Bergman: The Silence (Tystnaden).1963

Miami Beach Cinematheque. September 21st, 2007. 8:30 p.m.

Miami Beach CinemathequeThe Silence (Tystnaden), featuring Ingrid Thulin, Gunnel Lindblom and Jörgen Lindström, is the last film in Bergman’s Faith Trilogy, comprised also of Through A Glass Darkly and Winter Light. The Silence focuses on the inability to communicate with both human or heavenly presences, and desires of the physical rather than spiritual. In his lifetime wrestle with religion and human emotion, Bergman was at the pinnacle of his very personal experimental voyage in the 1960’s, creating one of the most searing, controversial, and mysterious portraits of his career. In The Silence, two sisters, Ester the older, Anna the younger, and Anna's son are traveling on a train into a foreign city whose language they do not understand. Ester is not well. They stay in an arid hotel. Ester is trying to hold on, almost sexually, to her sister. Her sister, however, goes out. In the theatre she sees a couple making love in a nearby box. She picks up a man herself and returns to the hotel.

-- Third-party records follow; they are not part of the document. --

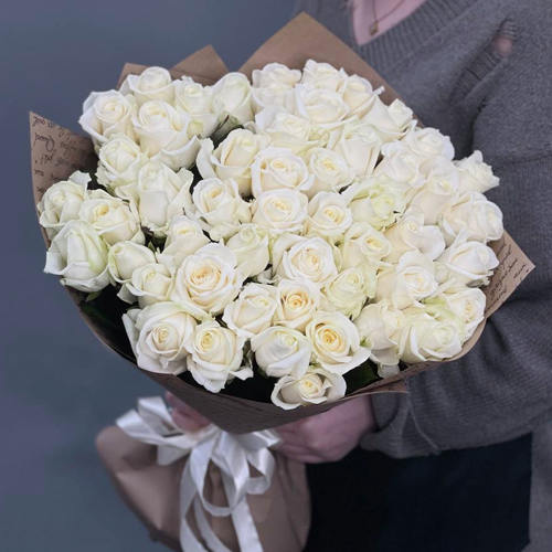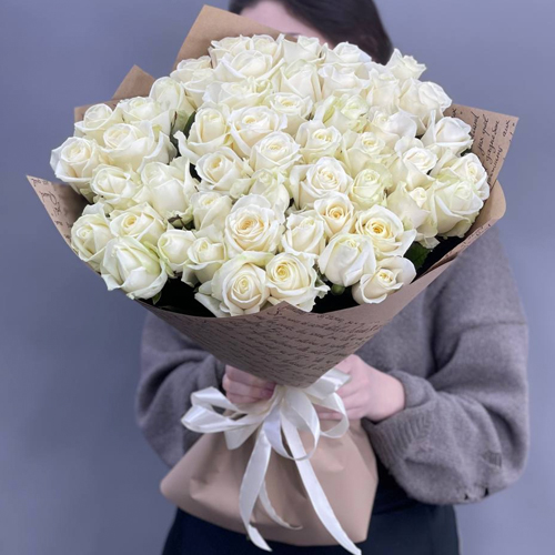 Букет из 51 белой розы в крафте (60 см)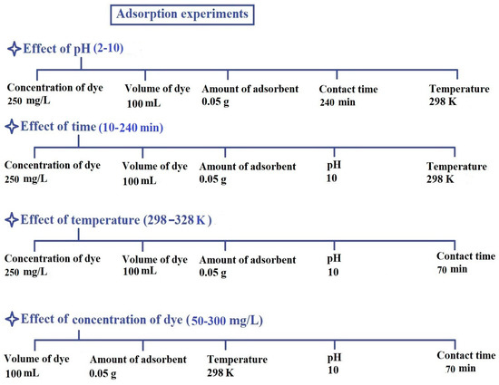 The adsorption experiments were conducted to evaluate the efficacy of the SG and SA products in the removal of rhodamine b dye. The impact of various parameters on the adsorption process was systematically investigated. All experiments were performed in the dark to ensure that the removal of rhodamine b dye was due to adsorption and not photocatalytic degradation. Initially, the effect of pH on rhodamine b dye adsorption was assessed over a 2–10 pH range. In these experiments, a rhodamine b dye concentration of 250 mg/L was utilized, with the volume of rhodamine b dye fixed at 100 mL and the amount of adsorbent set at 0.05 g. The mixture was allowed to interact for a contact time of 240 min at a constant temperature of 298 K. Subsequently, the effect of contact time was examined by varying the interaction period from 10 to 100 min. The concentration of rhodamine b dye and volume remained constant at 250 mg/L and 100 mL, respectively, with an adsorbent amount of 0.05 g. These experiments were carried out at a pH of 10 and a temperature of 298 K. In addition, the effect of temperature on the adsorption efficiency was explored within a 298–328 K range, maintaining the rhodamine b dye concentration, volume of rhodamine b dye, and amount of adsorbent at 250 mg/L, 100 mL, and 0.05 g, respectively. The pH was held at 10, with a fixed contact time of 70 min. Furthermore, the influence of rhodamine b dye concentration on the adsorption efficiency was studied by altering the concentration of rhodamine b dye from 50 to 300 mg/L. Each experiment was conducted with 100 mL of rhodamine b dye solution and 0.05 g of adsorbent at a pH of 10 and a temperature of 298 K for a duration of 70 min. In the final step, magnetic separation using a magnet was employed to remove the magnetic ZnFe2O4 nanoparticles, and the resulting filtrates underwent evaluation to measure the remaining concentration of rhodamine b dye with the aid of a Shimadzu 1800 UV/Vis spectrophotometer (Shimadzu Corporation, Kyoto, Japan). This magnetic separation technique is not only efficient but also cost-effective and simple to implement, ensuring that the nanoparticles do not pose a risk of secondary contamination in the effluent. Scheme 4 summarizes the previous practical steps for the removal of rhodamine b dye by the SG and SA products.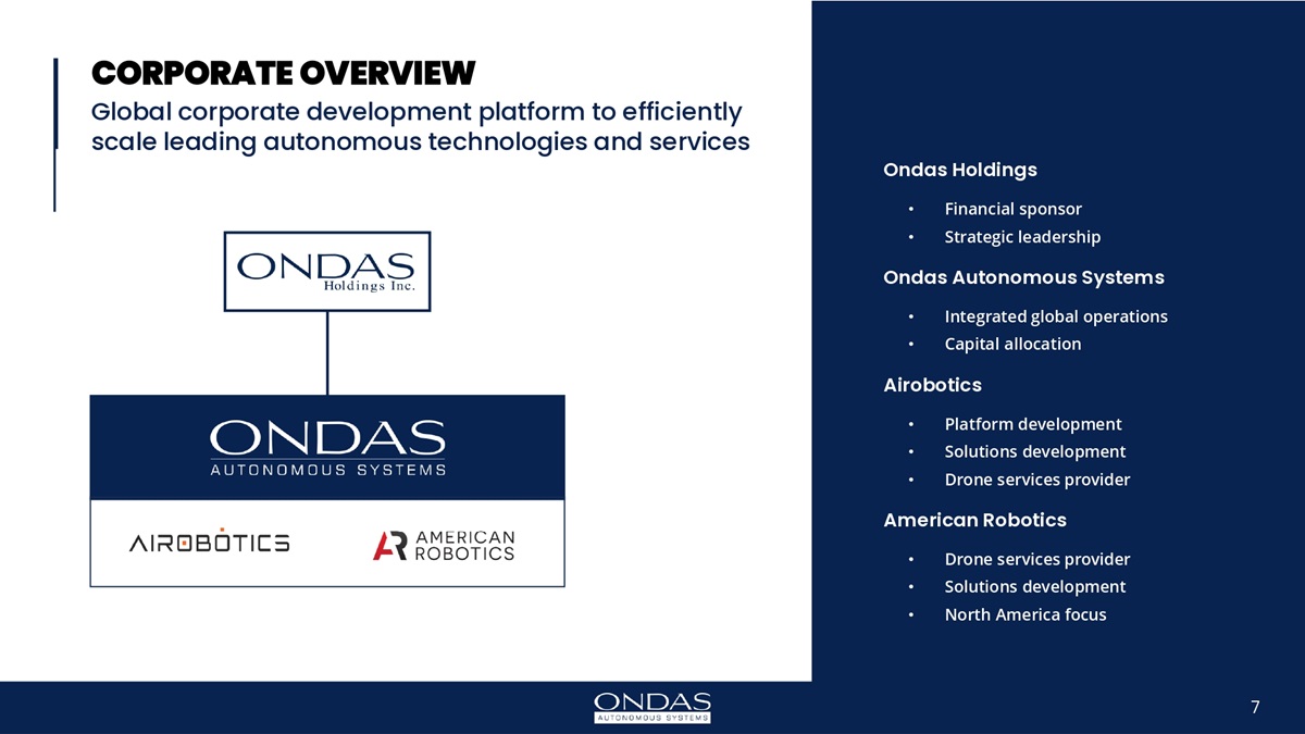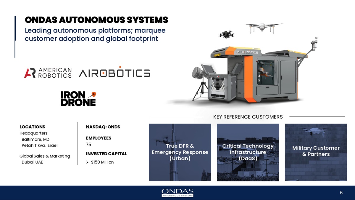 KEY REFERE N CE C USTO M ERS ONDAS AUTON O MO U S SYSTEMS Leading autonomous platforms; marquee customer adoption and global footprint NA S D A Q: O NDS EMPLOYEES 75 I NV E S TED CA P I TAL » $ 1 50 Mi l li on LOCATIONS Headquarters B al t i mo r e, MD P e t ah T i k v a, I s r ael G l obal Sales & M a r k e t i ng Dub a i , UAE Mi l i t a r y Cus t o m er & Partfiers 6 Criti c al T e c hf i o l o gy Ififrastructure (DaaS) T r u e DFR & Emer g ef i c y Respofise (Urbafi)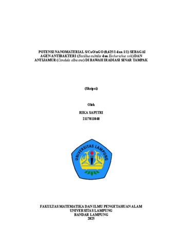 Rika , Sapitri (2025) POTENSI NANOMATERIAL S/CaO/nGO (0,625/1 dan 1/1) SEBAGAI AGEN ANTIBAKTERI (Bacillus subtilis DAN Escherichia coli) DAN ANTIJAMUR (Candida albicans) DI BAWAH IRADIASI SINAR TAMPAK. FAKULTAS MATEMATIKA DAN ILMU PENGETAHUAN ALAM, UNIVERSITAS LAMPUNG.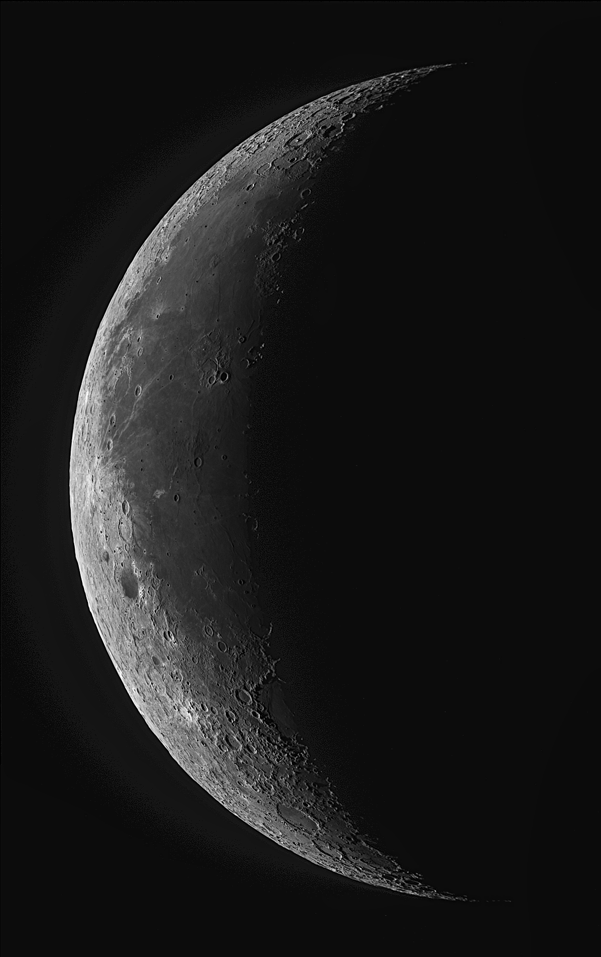 Jetzt geht es mit großen Schritten auf Neumond zu. Vorteil der Kombi CFF 160/1050 mm mit ZWO ASI 174MM: Der Mond passt in ein einziges Bild.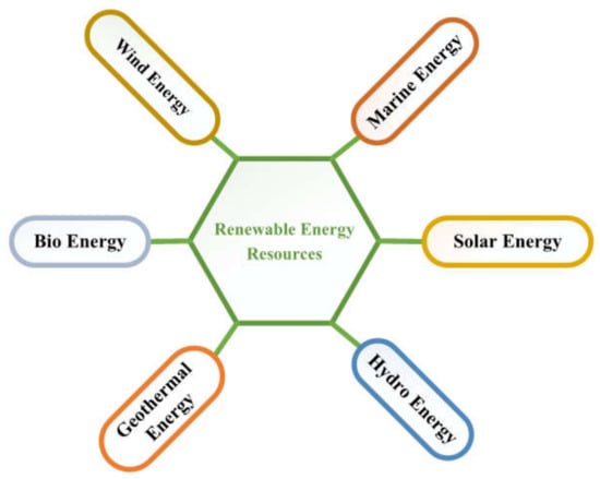 Modern power systems are going through a rapid transformation because of the integration of various renewable energy sources and the introduction of new systems such as autonomous grids, micro-grids, nano-grids and smart grid technologies [5]. Interconnecting the renewable energy sources, such as wind turbines, tidal turbines, geothermal plants, biomass plants, hydro power plants and photovoltaic cells, etc., makes the production of active power uncertain, as shown in Figure 1 [6]. A huge amount of research has been performed on the utilization of solar energy resources. Traditionally, the hydro energy systems are considered the best environmentally friendly source of energy, but its initial cost and time of construction is large, so solar energy is considered an easy alternative because of its lower construction cost and portability [7]. Hence, frequency deviations cause unreliable power system operation. These days, a power system is not vertically integrated but a deregulated entity requiring the unbundling into horizontal and vertical elements. In such circumstances, the analysis and development of improved frequency controller units becomes essential. A lot of research has been carried out for the development and improvements in the design of Load Frequency Controllers [8]. In [9], Krishan et al. worked on the automatic generation control of multi-area power plants with the help of a PID controller. In [10], robust multivariable predictive-based load frequency control was achieved considering the generation rate constraint. However, the designed controllers do not provide outstanding values of settling time, peak overshoot or peak undershoot values. The main task of a Load Frequency Controller is to adjust its parameters in accordance with its environment and reach a stable state quickly [11,12]. A lot of research has been carried out in an attempt to realize an ideal Load Frequency Controller, but most of the controllers have poor settling time issues, and recent research trends utilize the intelligent design technique in LFC design. In [13,14], an Artificial Neural Network-based LFC design targeted the deregulated electricity market. It is an example of an intelligent controller with a learning mechanism based upon surrounding events and incidents. The steady state response must be reached quickly with lower settling times and lower transient values [15,16].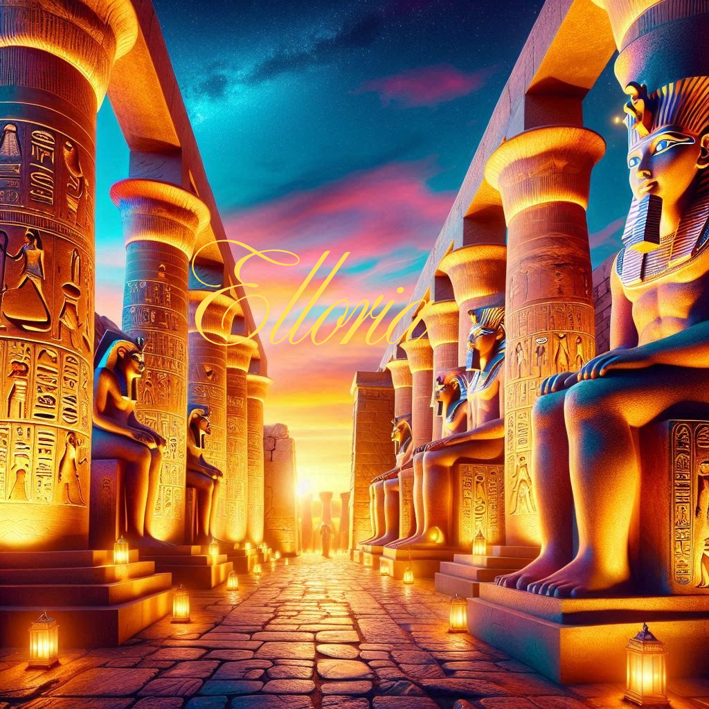 Plongez au cœur de l’Égypte éternelle avec cette majestueuse allée de statues et de colonnes hiéroglyphiques illuminées par la lueur des lanternes. Le ciel flamboyant du crépuscule se mêle aux teintes dorées des temples, offrant une ambiance mystique et grandiose. Une toile qui transporte votre esprit dans l’histoire fascinante des pharaons et des dieux anciens.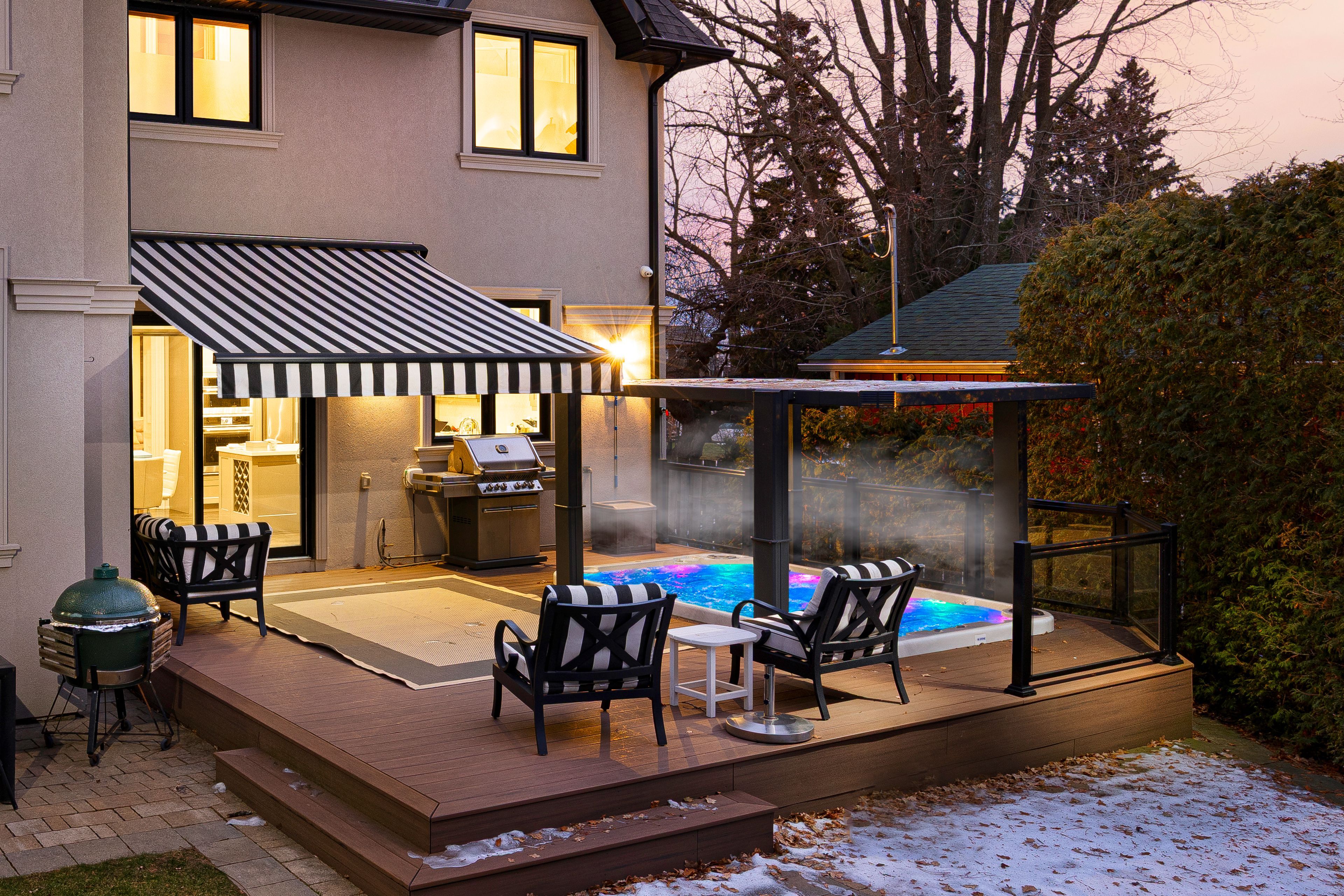 Custom built bluffs home spanning over 4,000 sq. Ft. Of luxury! Set back on a generous 50 foot frontage, with landscaped grounds, an interlocked stone driveway offering ample parking, and a double car garage with epoxy flooring. Step into this pristine residence boasting thoughtful design, detailed millwork, and quality craftsmanship throughout. The welcoming foyer entry with high ceilings, elevates the home's interior appeal, opening up to an elegant living and dining area with ample closet space and a main floor powder room. The exquisite gourmet kitchen overlooks a main floor family room with a walkout to serene views of the private backyard providing an outdoor retreat, complete with composite decking, a retractable awning, swimspa, glass railings, and lush, low-maintenance landscape. Convenient direct access to the home from the garage, a separate side entrance that walks down to the completely finished lower is perfect for an in-law suite with an extra bedroom, or an extension of luxury living and entertaining. The upstairs landing is sun-filled with a skylight and leads to four spacious bedrooms including a grand primary, each with ensuite or semi-ensuite bath. A second-floor laundry room adds functionality and simplicity. Notable upgrades include a whole-home generator, advanced security and camera system, programmable lighting, central vac, triple sump pump with battery backup, and high-capacity hvac. A rare opportunity to enjoy a peaceful, nature-filled lifestyle just steps to parkland and tennis courts. Minutes to rosetta mcclain gardens, kingston road amenities, and top-rated schools including chine drive ps and r. H. King academy.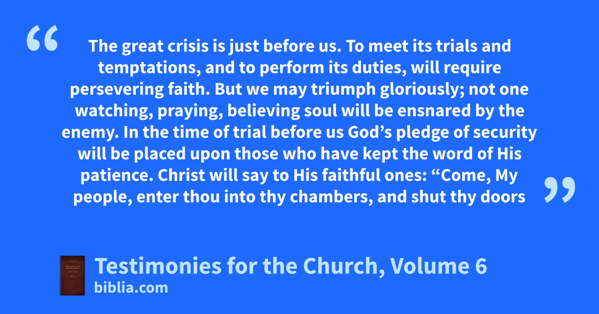 The great crisis is just before us. To meet its trials and temptations, and to perform its duties, will require persevering faith. But we may triumph gloriously; not one watching, praying, believing soul will be ensnared by the enemy. In the time of trial before us God’s pledge of security will be placed upon those who have kept the word of His patience. Christ will say to His faithful ones: “Come, My people, enter thou into thy chambers, and shut thy doors
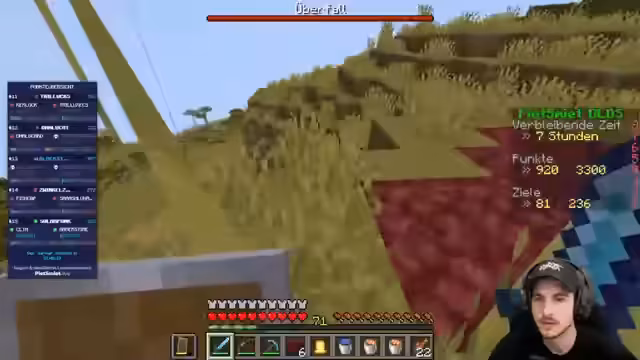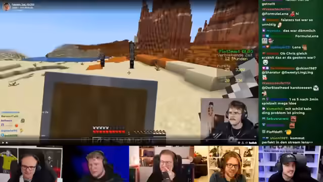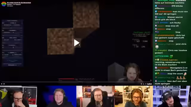 00:56:17Zu Beginn des Streams treten technische Unannehmlichkeiten auf, als ein Streamer kurz aus dem Boot aussteigt und prompt stirbt. Später wird ein seltsamer Minecraft-Bug diskutiert, bei dem von einem Mob platzierter Blockinhalt sofort wieder verschwindet. Die Streamer klären, dass es sich hierbei nicht um einen Bug, sondern um ein bekanntes Phänomen bei Multiplayern-Servern handelt, bei dem ein Fall nicht durch einen Fehler des Spielers als Tod gewertet werden darf.

The little boy wanders through the empty halls of the hotel. There is a company of dwarfs, and they take him to their room and dress him as a woman. He plays with the kind old porter who becomes lost in his own memories. He hears Ester confront Anna with the man in her room.

Tanks roll through the city streets. Ester is dying. Several times she thinks she has died. She thinks her sister has left. But her sister comes back for a last dialogue in which Ester tells her why she hates heterosexual relations. She gives Anna's son a paper on which are written some translations of the strange language. They leave. Ester will die now.